## THE DATA
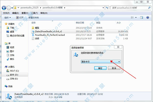1、运行[Saier]PoseStudio_v1.0.4_v2.exe安装程序进行软件安装,弹出界面,安装语言选择简体中文
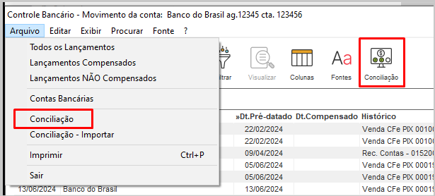 Em seguida acesse o Menu Arquivo > Conciliação ou clique sobre o botão "Conciliação Bancária”.
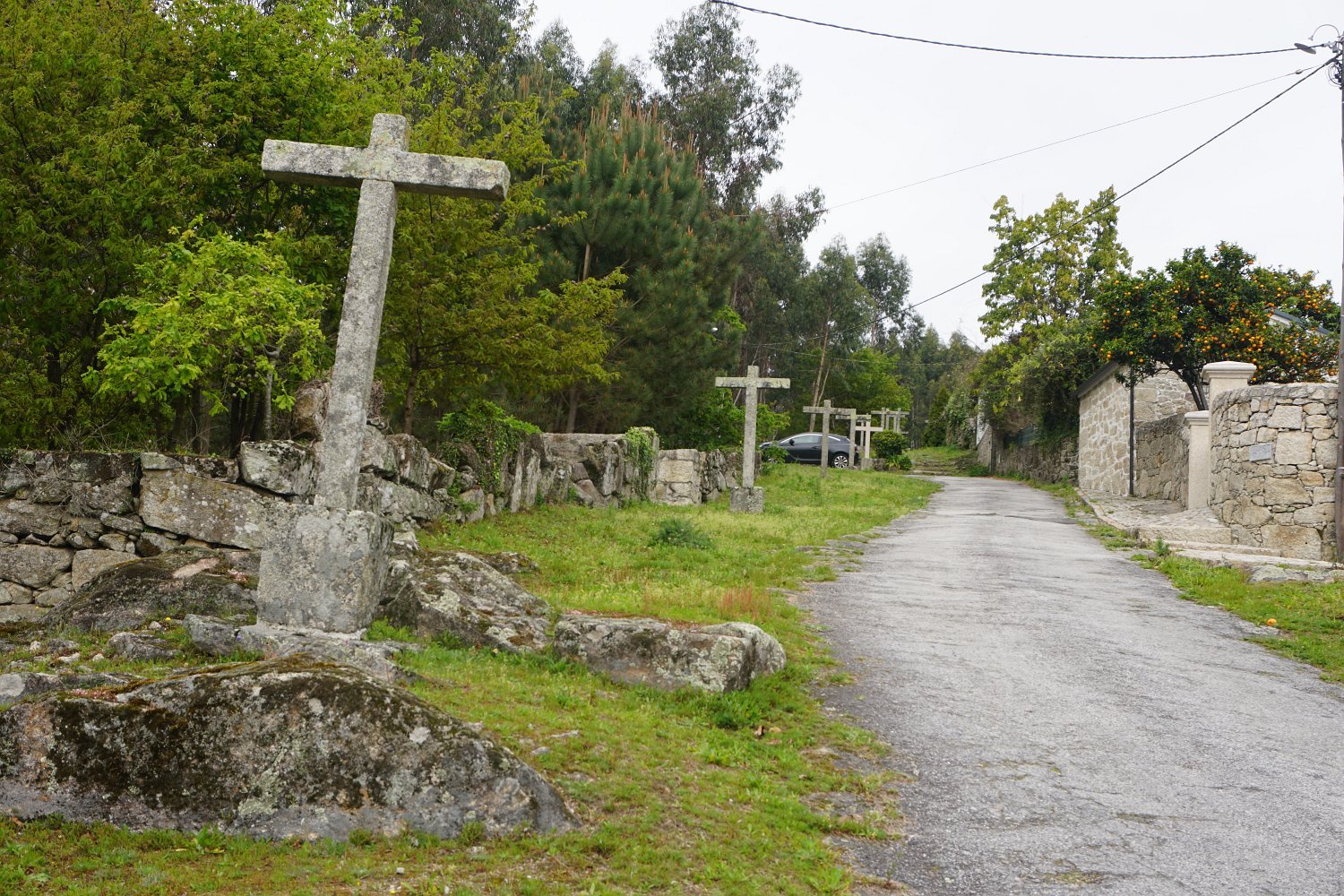 Deixamos o largo pelas 10:30 e passamos junto da Cruzeiro do Senhor da Saúde, oferta de locais em pagamento de promessa de que as tropas napoleónicas de 1909 não espalhassem terror na população local. Passamos defronte da Capela de Nossa Senhora das Neves e da Mesa dos 3 Abades, local de confluência das freguesias de Vila de Punhe, Mujães e Barroselas/Carvoeiro, todas do concelho de Viana do Castelo.
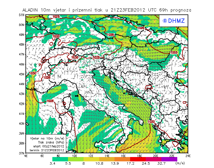 Vjetar smjer i brzina - profil Gargano

## PROBLEM TO SOLVE
Print all of the material exactly. Omit pictures.

## RESPONSE TO THIS TASK
1、运行[Saier]PoseStudio_v1.0.4_v2.exe安装程序进行软件安装,弹出界面,安装语言选择简体中文
 Em seguida acesse o Menu Arquivo > Conciliação ou clique sobre o botão "Conciliação Bancária”.
 Deixamos o largo pelas 10:30 e passamos junto da Cruzeiro do Senhor da Saúde, oferta de locais em pagamento de promessa de que as tropas napoleónicas de 1909 não espalhassem terror na população local. Passamos defronte da Capela de Nossa Senhora das Neves e da Mesa dos 3 Abades, local de confluência das freguesias de Vila de Punhe, Mujães e Barroselas/Carvoeiro, todas do concelho de Viana do Castelo.
 Vjetar smjer i brzina - profil Gargano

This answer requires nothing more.